Start of Exercise data

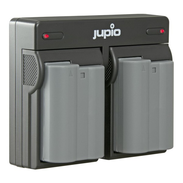 Pack Jupio avec 2 batteries EN-EL15B et chargeur double USB pour recharge flexible.
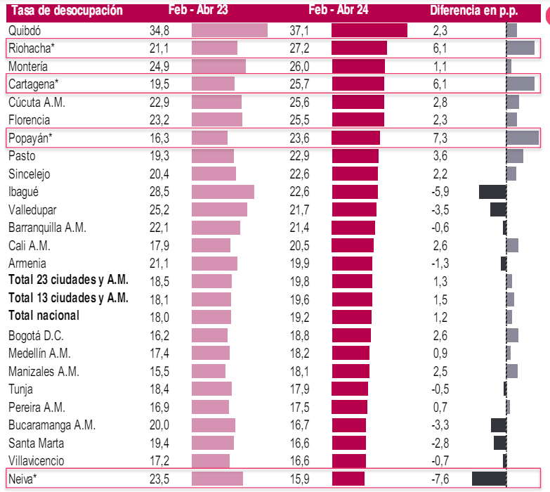 No obstante, a nivel Caribe registra tasas menores que Riohacha (27,1%), Montería (26 %), Cartagena (25,7 %) y Sincelejo (22,6 %). Por su parte, las ciudades con menor porcentaje de jóvenes desempleados en esta región son Santa Marta (16, 6 %) y Barranquilla (21,4 %).
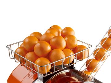 The Big Basic is equipped with a stainless steel feeder basket, which has a capacity of 5 kg of oranges.
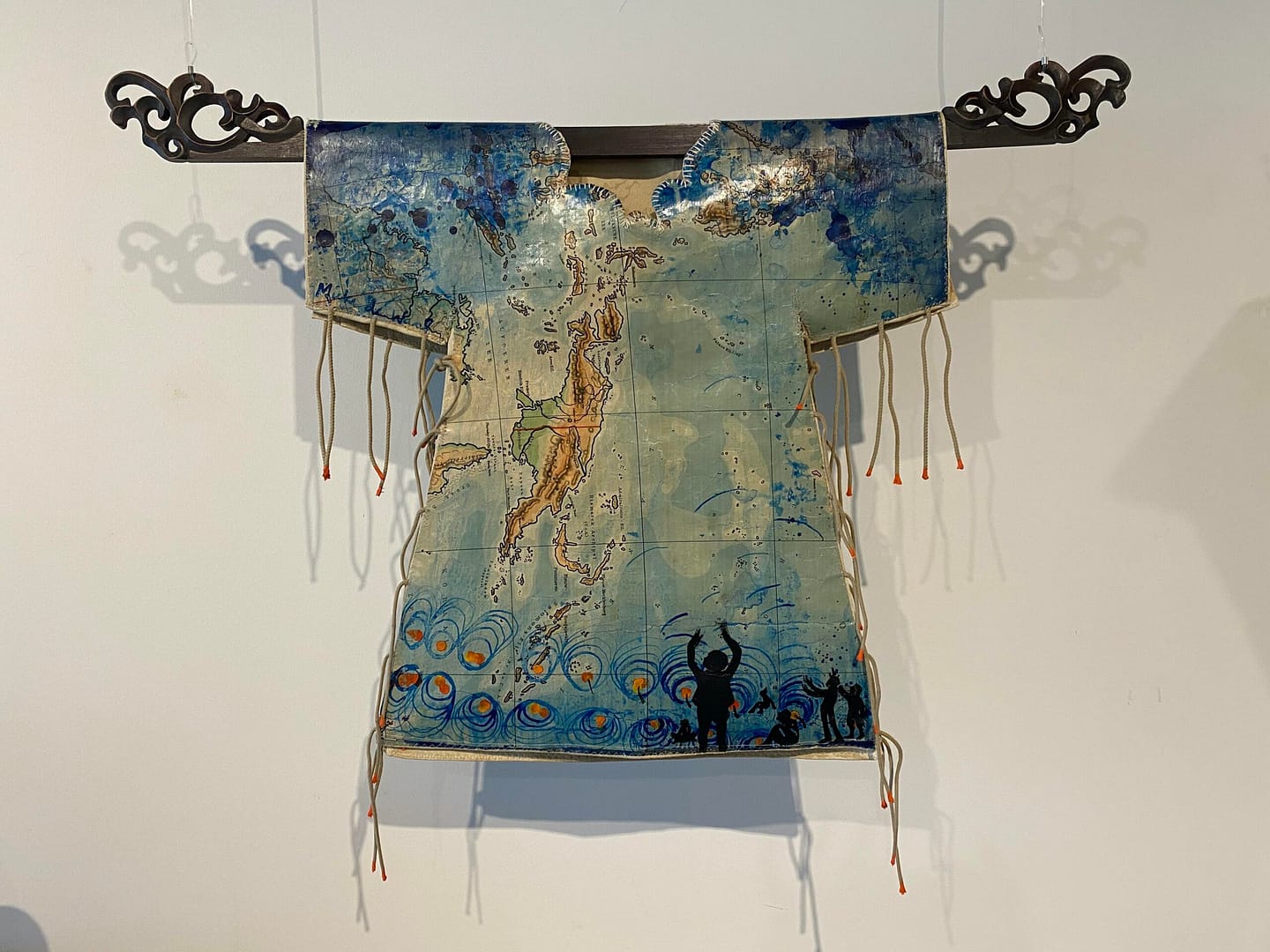 inkt en acryl op landkaart, damast, koord, op houten drager
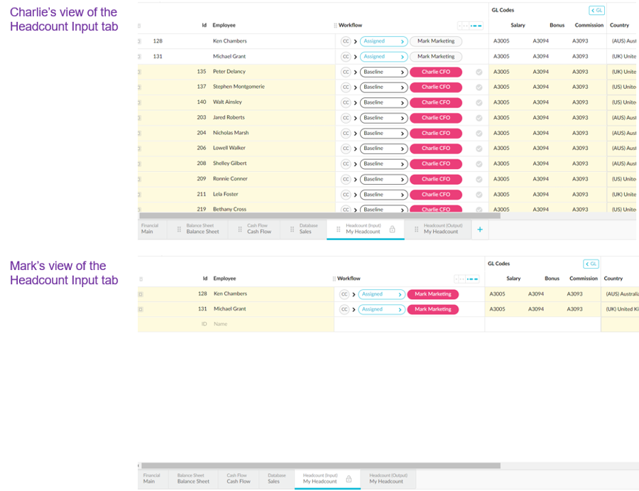 Access to the data. Even if a user has access to the Headcount Input tab, they can only see the rows to which they are assigned in the workflow.
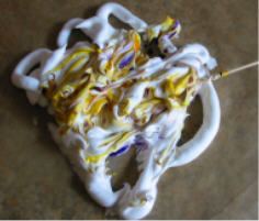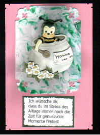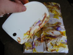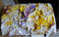 Auf ein Stück Backpapier gebt ihr etwas Rasierschaum darauf einige Tropfen wasserfeste Stempelfarbe aus Nachfüllfläschchen. Verrüht dies mit einem Stab......
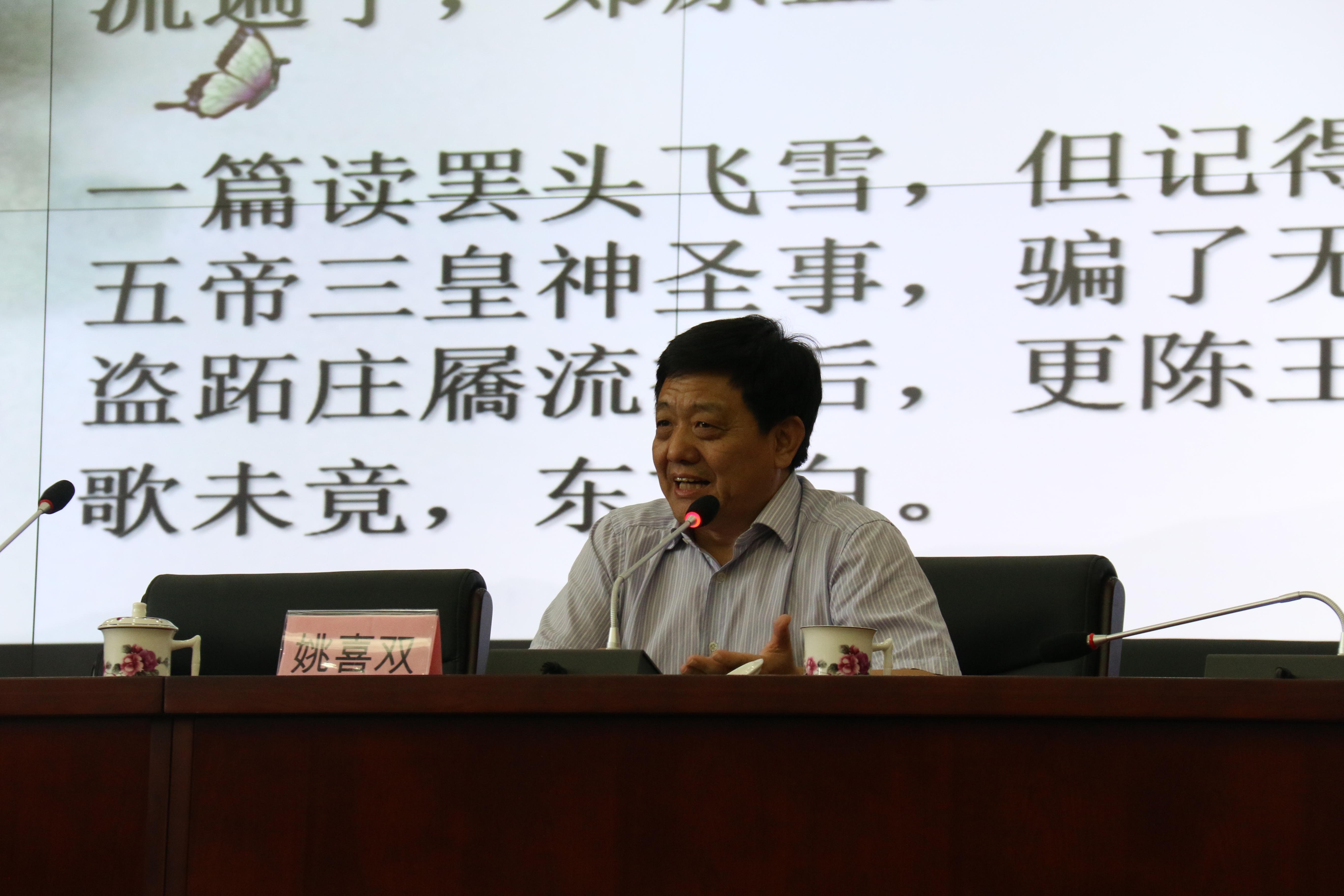 会议开始,姚喜双教授引用毛泽东著名诗词——《贺新郎·读史》开篇,向听众复述了毛泽东在读史作词时的精神状态以及他以诗言志的思想。诗词寥寥数句即向读者展示了从人类诞生到社会主义纵贯几百万年的历史,足以彰显诗歌的魅力所在。因此,姚教授倡导师生们多读诗、多朗诵,从而净化灵魂,陶冶情操,提高写作能力。

End of Exercise data

* What to produce:
In the answer, set down only the lines from the opening line of the listing through the line that holds "inkt en acryl", exactly as they appear, minus the pictures.

* Output of the exercise:
 Pack Jupio avec 2 batteries EN-EL15B et chargeur double USB pour recharge flexible.
 No obstante, a nivel Caribe registra tasas menores que Riohacha (27,1%), Montería (26 %), Cartagena (25,7 %) y Sincelejo (22,6 %). Por su parte, las ciudades con menor porcentaje de jóvenes desempleados en esta región son Santa Marta (16, 6 %) y Barranquilla (21,4 %).
 The Big Basic is equipped with a stainless steel feeder basket, which has a capacity of 5 kg of oranges.
 inkt en acryl op landkaart, damast, koord, op houten drager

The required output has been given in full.